Mr Amit Yadav, the Delhi municipality's industry commissioner, told AFP he had written to the federal government to indicate that foreign "multibrand retailers" would not be given consent to open stores in the capital, in a reversal of previous policy.
Foreign retailers which only sell their own branded products, such as Britain's Marks and Spencer, have long been able to operate in India.
But reforms unveiled by Prime Minister Manmohan Singh in late 2012 should pave the way for the first foreign supermarkets to operate, provided 30 per cent of their produce is sourced locally.
Delhi had been expected to be one of the first places to welcome the likes of Wal-Mart and Tesco under the reforms.
But Singh's Congress party was trounced in state elections in Delhi last month, losing power to a new anti-corruption party with a much cooler attitude towards foreign direct investment (FDI).

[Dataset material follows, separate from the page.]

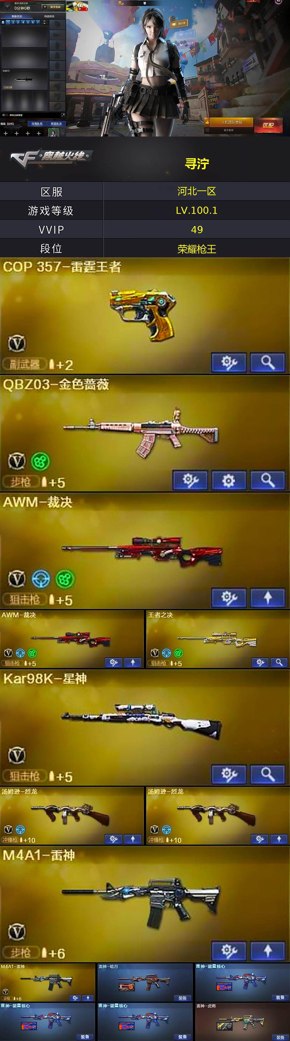- [11521528]1传说角色 6王者武器 1炫金武器 40V武器 可二次 可修改实名 优质装备:M200-幻神,王者幻神,M200-竞技荣光,AK47-火麒麟,M4A1-雷神,M4A1-黑骑士,M4A1-黑龙,M4A1-青龙,Barrett-毁灭,AWM-裁决,AA-12-雷霆,AN94-超新星,沙鹰-修罗,柯尔特-竞技荣光,擎天-竞技荣光,传说幽冥,龙啸-烈火龙威,天神-动感闪耀,屠龙-动感闪耀,AK47-黑武士-锦绣游龙,无影-神兵利器,修罗-古蛇迷踪 排位资格:有 V武器:AK47-黑鲨 王者武器:QBZ-03-王者蔷薇-觉醒版,王者之翼-觉醒版,王者之幻-觉醒版 炫金武器:炫金无影 热门武器:牛牛-AK47
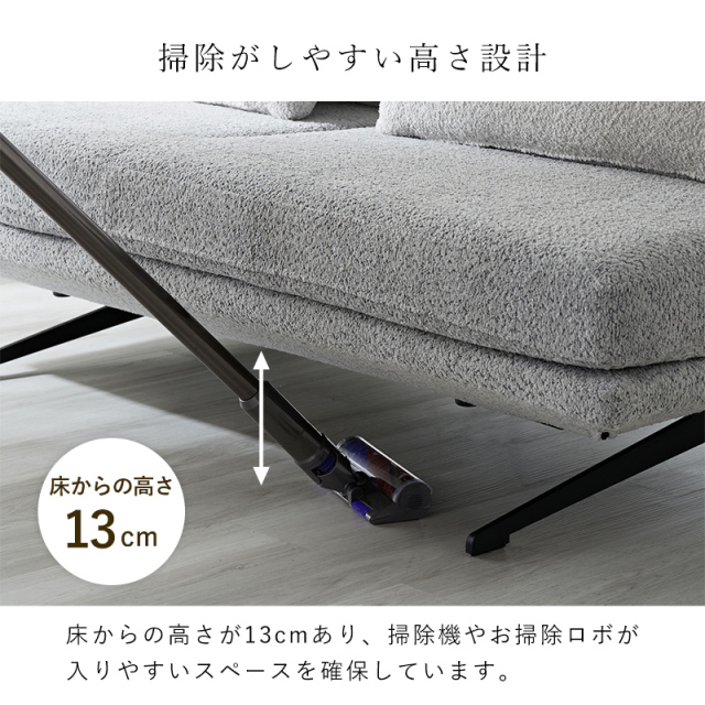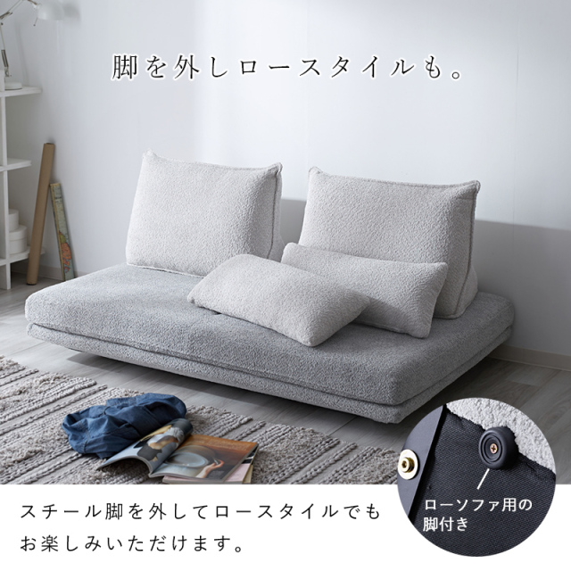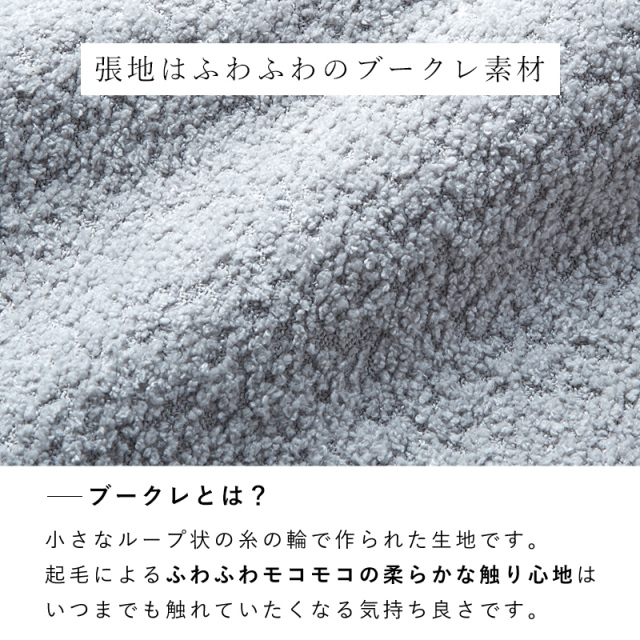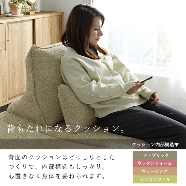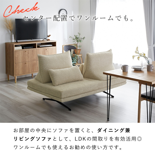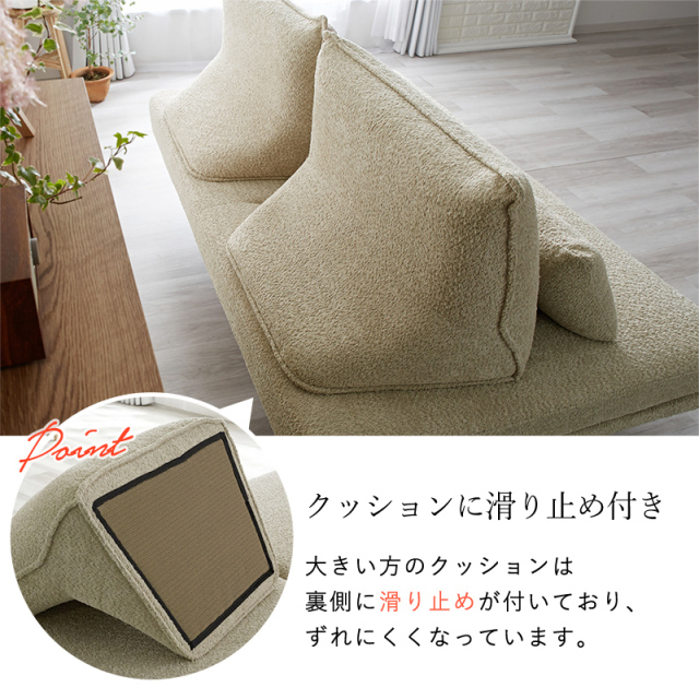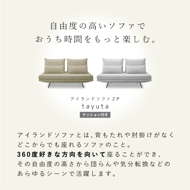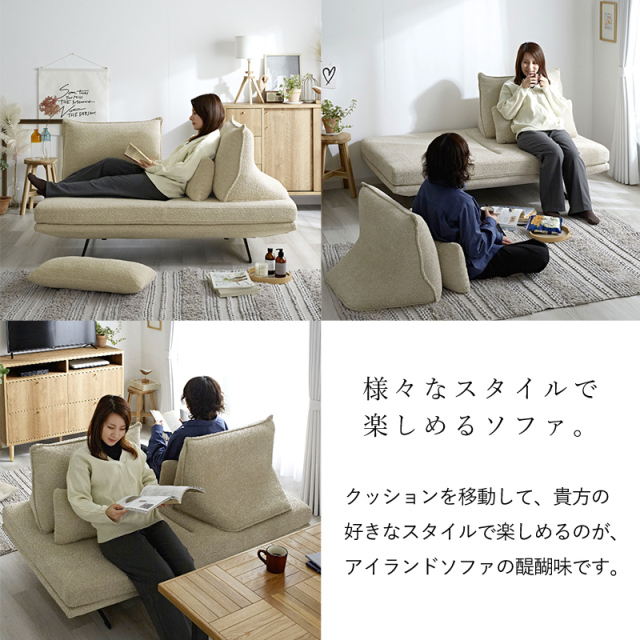 | 「自由度の高いソファでおうち時間をもっと楽しむ。」 アイランドソファとは、背もたれや肘掛けがなくどこからでも座れるソファのこと。 360度好きな方向を向いて座ることができ、その自由度の高さから団らんや気分転換などのあらゆるシーンで活躍。 クッションを移動して、貴方の好きなスタイルで楽しめるのが醍醐味です。 背面のクッションはどっしりとしたつくりで、内部構造もしっかり。 心置きなく身体を委ねられます。 また、クッション裏側に滑り止めが付いており、ずれにくいのもうれしいポイント。 張地はふわふわ、もこもこのブークレ生地。 小さなループ状の糸の輪で作られた生地で、起毛による柔らかな触り心地はいつまでも触れていたくなる気持ち良さです。 スチール素材のブラックカラーの脚が空間をぐっと引き締め、インテリアにメリハリを。 主張が少ない細めの脚なので、ナチュラルなテイストにもよく馴染みますよ。 | |

"It was a part of their manifesto to drop the FDI in multibrand retail policy and accordingly, a letter has been sent to the government of India asking to withdraw it," said Mr Yadav.
"FDI in multibrand retail is a policy that lies with the consent of individual state establishments. Its implementation is strictly a state subject."
Aam Aadmi, a fledgling anti-corruption party, made opposition to the FDI reforms one of its pledges in the Delhi election which had been ruled by Congress for the last 15 years.
Dr Singh's FDI reforms, which allow Western supermarkets to hold a majority stake in local chains for the first time, have been seen as a chance to revive India's ailing economy.
But small family-run stores fear that they could be priced out of business by the major retailers while there has also been widespread opposition from labour activists.
India's main business lobby criticised the Aam Aadmi government move, saying it would hit investor confidence at a time when the economy is growing at its slowest rate for a decade.
"This direct negation without demonstrating a search for a viable alternative would hamper investment sentiment," said Mr Sidharth Birla, president of the Federation of Indian Chambers of Commerce and Industry.
"It has been proven time and again that both large multi-brand retail stores and small kirana stores coexist peacefully," Mr Birla told the Press Trust of India news agency.
Dr Singh's FDI reforms, which also opened up the airline and insurance industries, had been meant to draw in more foreign investors into Asia's third-largest economy.
But they have been undermined by persistent worries over issues such as corruption, red tape and tax battles.
Wal-Mart and Indian firm Bharti announced in October that they were ending their retail partnership, with the US giant saying India's foreign investment rules were partly to blame for the split.